ひとは先天的に起業家として生まれるのか、起業家になることを後天的に学ぶのか?
ちょっと前の記事に、”「ふつうのおばちゃん」たちが、よっぽど活き活きと古着屋をされているのを見ると、なんだか違うんじゃないか、誰でもとは言わないが、多くのひとが、ひとそれぞれに、それぞれの方法で、自分が生きていくぐらいは稼ぐ能力があるんじゃないだろうか、と思ったりする”と書いて、でもその確信はないと続けた。
しかし、今朝、こんなことを言い切っているかたがおられるのをみつけた。
すべての人間は生まれながらの起業家である。だが、不幸にも、我々の多くはその能力を発揮する機会を持たず、隠れたままになっているのだ。
"All human beings are born as entrepreneurs. But unfortunately, many of us never had the opportunity to unwrap that part of our life, so it remains hidden.”
これを言っておられるのは、写真のブランソンさんではなく、ノーベル平和賞を授与されたマイクロクレジットの創始者のムハマド・ユヌス氏だ。ブランソン氏がブログでその言葉を紹介されていて、僕もはじめて知った。
僕のような一介の古着屋の言葉ではなく、何万人、何十万人という人たちをマイクロクレジットを通じて自立させたユヌス氏の言葉だから、比べようもなく重い。
そして、たとえばこの記事によれば、起業・自営・フリーランスという働き方は、欧米ではさらに重視されつつあるという。
30%のイギリスの若者は将来自営できると考えており、25%は今後5年以内に自分がビジネスオーナーになれると信じている。(略)43%はすでになにがしかのお金を自分で稼いだことがある。
また、こちらの記事にはこんなことも書いてある。
300人近くの14歳から16歳のイギリスの中学生に訊ねたところ、70%はすでに職業を決めており、その4分の1は自分で仕事を始めるつもりと回答した。
イギリスをはじめ欧米でも、若年層の失業が問題となっており、そのことへの自衛手段としてそう考えざるをえないということもあるのだろう。
しかし、会社の寿命が短くなっている今、自分の食い扶持を自分で稼ぐということが、ひとつの解決になっていることは、先進国の共通の状況なのかなと思う。
さて、ユヌス氏の言葉は真実だろうか。
そういわれてみてば、たしかに、人間は昔から自分の食い扶持は自分で稼いできたはずだ。たとえば、江戸時代の日本では、80%以上の人たちが農業もしくは商売をするなり何かをつくるなりして生きていた。

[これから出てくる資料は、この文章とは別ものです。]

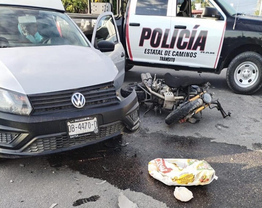 CHETUMAL, 7 de marzo. – Un aparatoso accidente vial ocurrido en el cruce de la calle Salvador Alvarado con Juan Sarabia dejó como saldo a un joven motociclista gravemente herido. El siniestro involucró a una camioneta y una motocicleta, siendo el conductor de esta última quien llevó la peor parte del impacto.
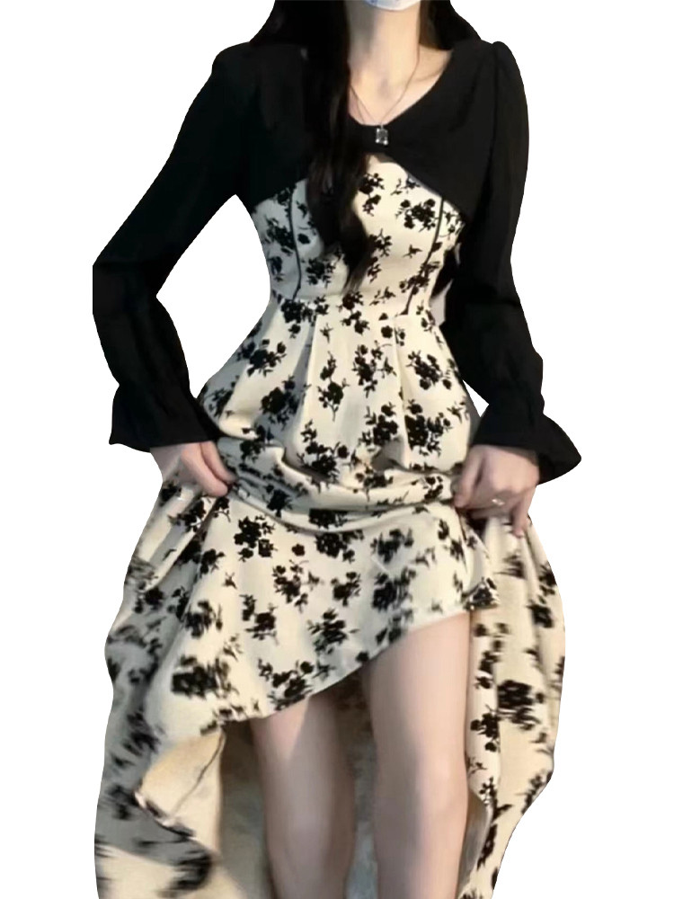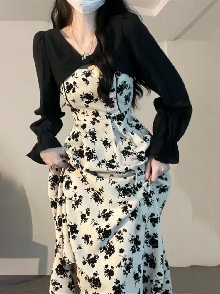 茶歇法式连衣裙子两件套装高级感桔梗长裙碎花裙女2025春季新款
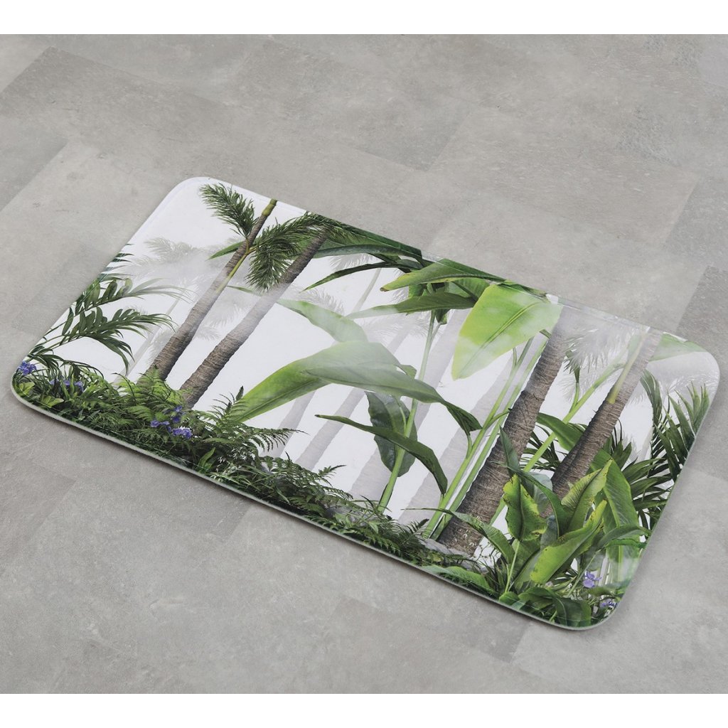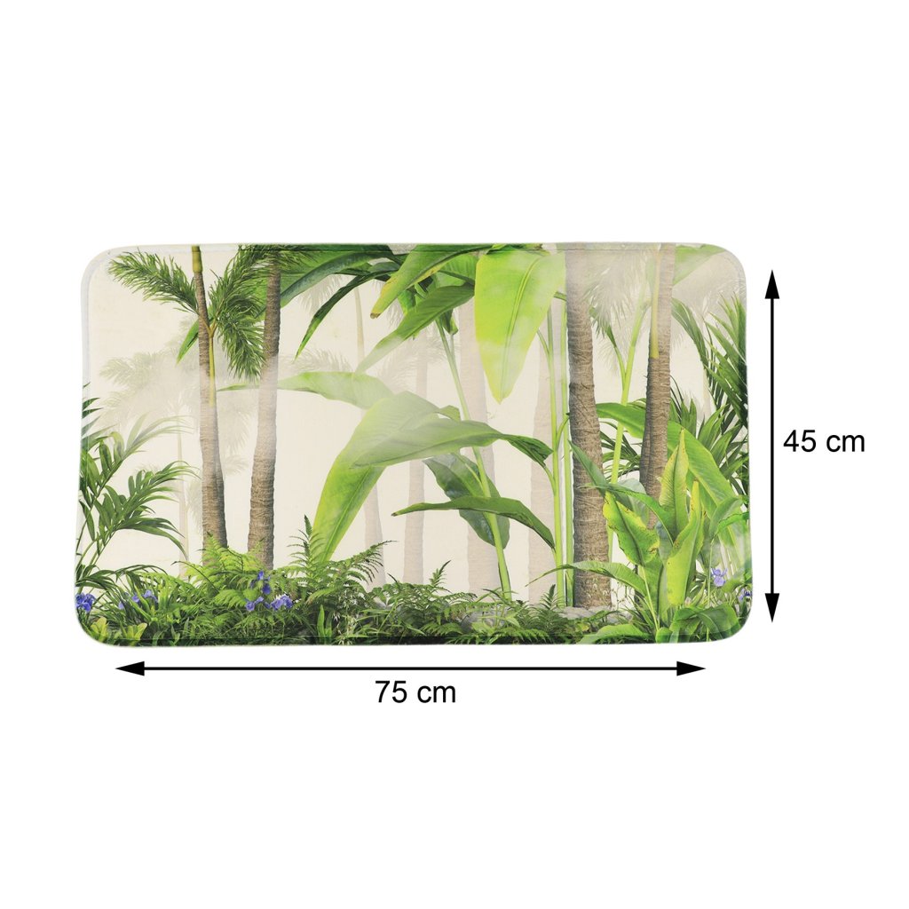 Předložka do koupelny Oasis o rozměrech 45 × 75 cm přinese do tvé koupelny osvěžující tropický nádech . Motiv bujné zeleně, palmových listů a exotické vegetace vytváří vizuálně příjemnou atmosféru a přemění každodenní rutinu na chvilku odpočinku v přírodním prostředí.

そして、その人たちはいわば、自営業者であり、フリーランスだったのではないだろうか。
そう考えると、たしかにユヌス氏のいうとおり、人間にはそのDNAが備わっているとも言えそうだ。
それを破壊してしまったのが産業革命だが、いま起きているIT革命が、個人の自立をより容易な方向に社会を発展させていると思うと、嬉しい。

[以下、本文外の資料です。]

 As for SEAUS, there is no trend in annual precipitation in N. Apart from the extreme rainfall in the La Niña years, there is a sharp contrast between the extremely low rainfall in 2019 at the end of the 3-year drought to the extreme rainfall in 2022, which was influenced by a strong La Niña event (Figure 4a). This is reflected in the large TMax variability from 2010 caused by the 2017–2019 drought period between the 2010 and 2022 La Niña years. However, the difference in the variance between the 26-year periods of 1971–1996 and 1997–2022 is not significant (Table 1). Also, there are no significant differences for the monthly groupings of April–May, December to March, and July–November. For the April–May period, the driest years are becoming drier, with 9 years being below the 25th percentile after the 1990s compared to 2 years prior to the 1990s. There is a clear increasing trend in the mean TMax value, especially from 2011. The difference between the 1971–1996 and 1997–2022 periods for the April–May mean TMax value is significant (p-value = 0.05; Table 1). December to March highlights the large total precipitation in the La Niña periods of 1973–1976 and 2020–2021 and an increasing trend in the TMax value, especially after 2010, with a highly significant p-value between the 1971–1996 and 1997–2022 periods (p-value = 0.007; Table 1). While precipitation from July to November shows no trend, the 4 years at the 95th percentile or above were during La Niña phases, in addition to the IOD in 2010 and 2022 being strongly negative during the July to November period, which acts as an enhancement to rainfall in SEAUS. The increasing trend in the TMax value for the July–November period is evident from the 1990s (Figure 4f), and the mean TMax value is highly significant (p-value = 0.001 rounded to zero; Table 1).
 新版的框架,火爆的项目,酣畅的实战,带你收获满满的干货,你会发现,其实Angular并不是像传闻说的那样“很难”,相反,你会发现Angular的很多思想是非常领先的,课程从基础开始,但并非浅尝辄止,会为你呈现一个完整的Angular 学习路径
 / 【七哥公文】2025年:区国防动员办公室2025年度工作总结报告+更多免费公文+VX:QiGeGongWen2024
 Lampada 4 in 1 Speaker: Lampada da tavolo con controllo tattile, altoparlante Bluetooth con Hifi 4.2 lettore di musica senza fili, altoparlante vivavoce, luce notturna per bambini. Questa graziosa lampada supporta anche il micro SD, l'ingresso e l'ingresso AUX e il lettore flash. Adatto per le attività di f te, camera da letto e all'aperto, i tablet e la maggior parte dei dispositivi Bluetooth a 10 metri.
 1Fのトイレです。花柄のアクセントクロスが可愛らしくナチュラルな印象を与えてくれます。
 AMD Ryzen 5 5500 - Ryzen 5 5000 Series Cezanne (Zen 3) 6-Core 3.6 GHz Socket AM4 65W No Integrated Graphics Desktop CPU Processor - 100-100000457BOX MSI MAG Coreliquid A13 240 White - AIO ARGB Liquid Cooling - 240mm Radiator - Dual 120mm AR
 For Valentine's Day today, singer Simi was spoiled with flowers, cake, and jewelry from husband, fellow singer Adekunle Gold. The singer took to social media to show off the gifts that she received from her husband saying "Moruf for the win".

しかし、ユヌス氏がそうおっしゃったとしても、今の日本じゃ、到底、独立や自営・フリーランスを安易にすすめることはできない。
多くのひとが失敗していることは、みんなよくわかっている。
その最大の原因はみんなが「見栄」にとらわれ過ぎていることだと思うが、ほかにも銀行の融資の姿勢をはじめ、さまざまな問題があるだろう。
この記事は誤解されたようだが(ホリエモンさんにあほ!と言われた。光栄?)、僕は「起業なんて怖いからやめておこう」と主張しているわけではなく、リスクがとれる人はリスクをとってやればいいと思うし、リスクをとれないひとはリスクを最小にして始める方法もある。
イギリスの例をひきあいにだすまでもなく、これからの社会は、若い人も中高年も育児で会社を辞めざるをえなかった女性たちも、ひとりでも多くのひとが、自分のビジネスを持ち、自分の足で立つことが望まれている。そのほうが、社会全体の幸せの総和は間違いなく増えるからだ。
僕は思う。
今の日本にこそ、ユヌス氏の言葉を信じて、それを阻んでいるものは何かを、みんなで考えていくべきなのではないか、と。